Menurutnya, "Are You Still Watching" mengusung genre teater absurd dengan sentuhan comedy of menace yang mengangkat persoalan dunia digital dan media sosial.
"Kami mencoba menggambarkan bagaimana media sosial dapat menjadi siklus yang menghancurkan, tetapi di sisi lain juga membuka berbagai peluang. Di era sekarang, dunia digital mampu memperluas akses pasar bagi para seniman. Karya-karya yang sebelumnya terbatas secara fisik kini dapat menembus berbagai ruang dan menjangkau audiens yang lebih luas melalui platform digital," jelasnya.
Sementara itu, salah seorang aktor, Azhar Jalil, menekankan pentingnya menjaga hubungan dan kolaborasi teater di kawasan Asia Tenggara.

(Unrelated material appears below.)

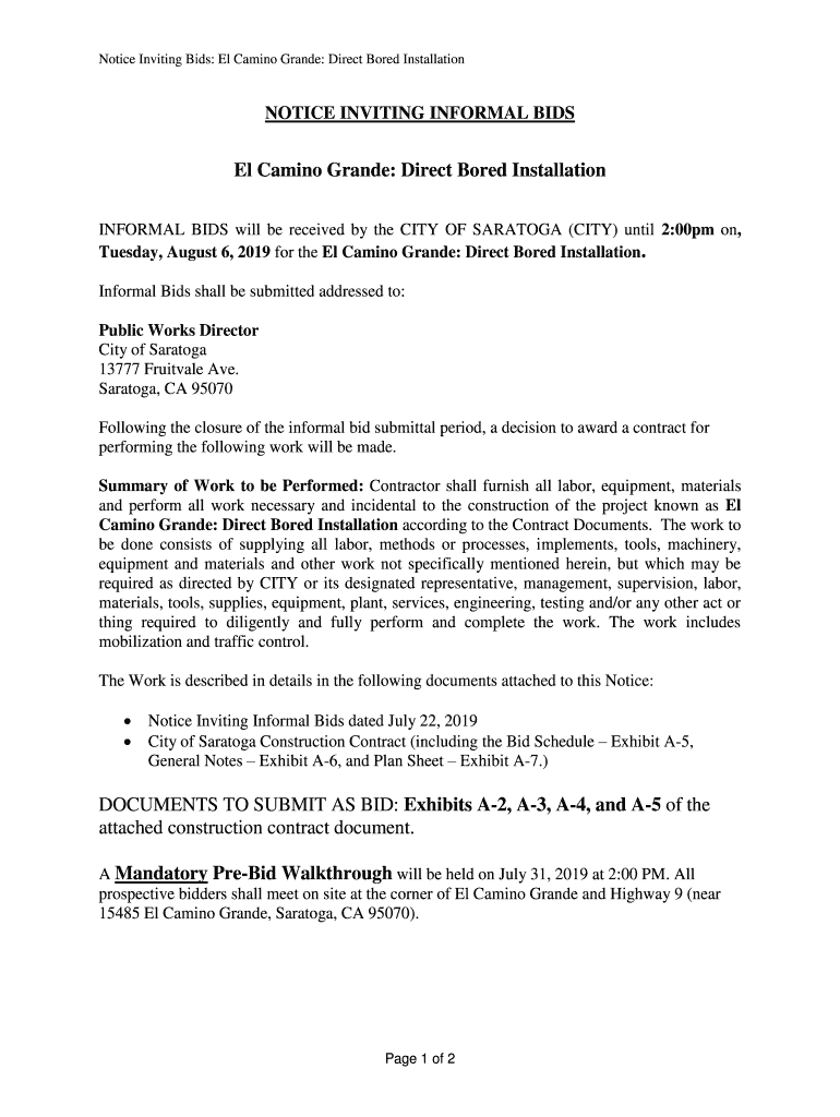 Notice Inviting Bids: El Camino Grande: Direct Bored InstallationNOTICE INVITING INFORMAL Diesel Camino Grande: Direct Bored Installation
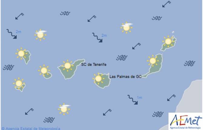 Viento del nordeste de flojo a moderado, algo más intenso a partir de mediodía en la vertiente sudeste y en el extremo noroeste.

"Untuk menjaga silaturahmi antara pelaku teater di Indonesia, Malaysia, Brunei Darussalam, Singapura, dan negara-negara serumpun lainnya, kita harus kembali kepada akar budaya yang sama. Kolaborasi para penggiat teater selama ini sudah sangat kuat, namun akar tersebut perlu terus dipelihara agar semakin subur dan kokoh. Dengan begitu, kita dapat bersama-sama memperkenalkan seni dan budaya serumpun kepada dunia," ungkapnya.

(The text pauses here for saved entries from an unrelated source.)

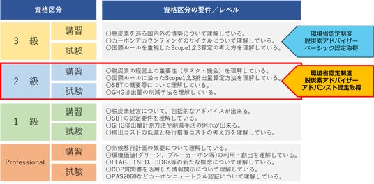 この度、一般社団法人 炭素会計アドバイザー協会(代表理事:鈴木 修一郎)が運営する「炭素会計アドバイザー資格2級」が、環境省が実施する「脱炭素アドバイザー資格制度認定事業」において、「環境省認定制度 脱炭素アドバイザー アドバンスト」の認定(認定日:2月1日)を受けましたことを、お知らせします。
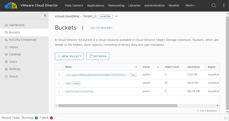 Имена корзин глобально уникальны, а пространство имен совместно используется всеми организациями портала Cloud Director. После создания корзины ее имя нельзя использовать для другой корзины в любой из организаций Cloud Director, пока она не будет удалена. Имена сегментов должны соответствовать требованиям к именованию сегментов S3. См. Требования к именованию корзин Amazon S3.
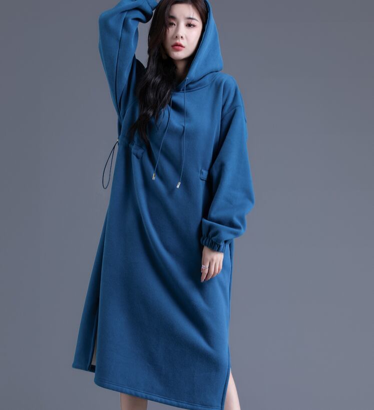 ワンピース フードドレス カジュアルドレス 長袖 ロング丈 スリット ハイウエスト 秋 冬 プラススエード フード付き ポケット ロングスカート ドロスト ガーリー デイリー 通勤 通学 普段使い 着やすい 動きやすい ゆったり 大人かわいい 若見え レディース スマート スッキリ見え ラフ カジュアル おしゃれ 好印象 韓国 細見え スマート見え キレイ見え スッキリ見え 体型カバー 華奢見え ヤセ見え サマ見え こなれ感 S M L スモッグブルー メイレッド | Bonny Me
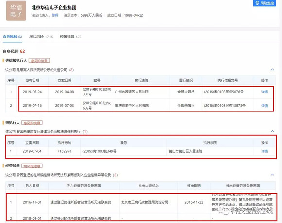 2019年6月24日,北京华信因有履行能力而拒不履行生效法律文书确定义务,被列为失信被执行人,执行法院为广州市荔湾区人民法院,执行标的为10万。
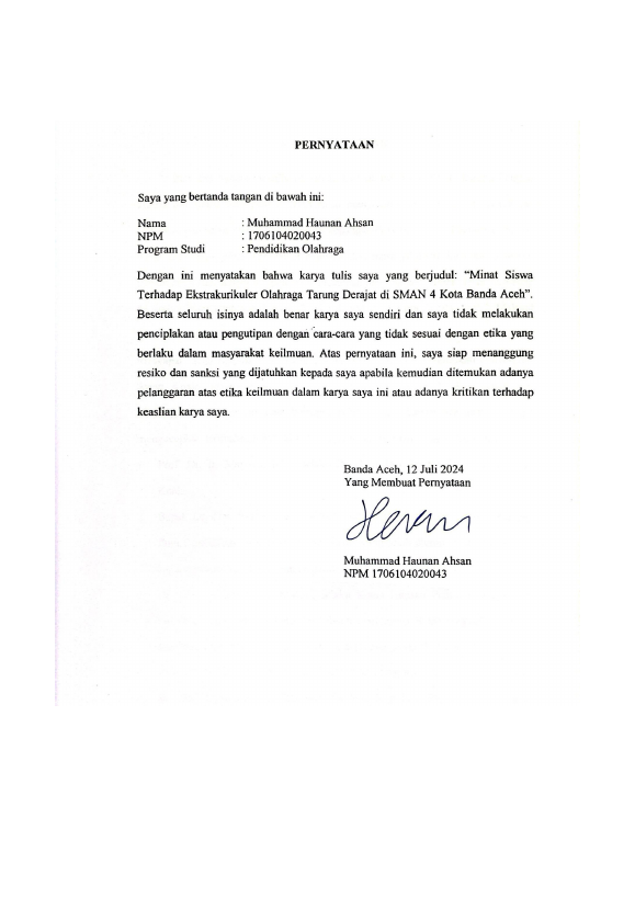 MUHAMMAD HAUNAN AHSAN, MINAT SISWA TERHADAP EKSTRAKURIKULER OLAHRAGA TARUNG DERAJAT DI SMAN 4 KOTA BANDA ACEH. Banda Aceh ,2024

Hal senada disampaikan aktor Sunio Asari, yang mengaku sangat menikmati proses produksi bersama tim yang solid dan penuh semangat.
"Bekerja bersama teman-teman yang kompak dan memiliki kesungguhan dalam berkarya membuat proses latihan menjadi sangat menyenangkan. Meskipun waktu persiapan relatif singkat, semangat, kepercayaan diri, keberanian, kekompakan, dan rasa tanggung jawab menjadi kunci lahirnya pertunjukan yang kuat," tuturnya.
Sunio menambahkan bahwa melalui partisipasi dalam ISU ISI Padang Panjang, Fakulti Teater ASWARA dan Kelab Kejar Tayang berharap para seniman, baik dari dalam maupun luar kampus, terus melahirkan karya-karya yang relevan dengan perkembangan zaman dan kebutuhan masyarakat.
"Mari bersama-sama mendukung pertunjukan seni, baik di Indonesia maupun Malaysia, sebagai bagian dari upaya memperkuat ekosistem seni dan budaya di kawasan Asia Tenggara," pungkasnya.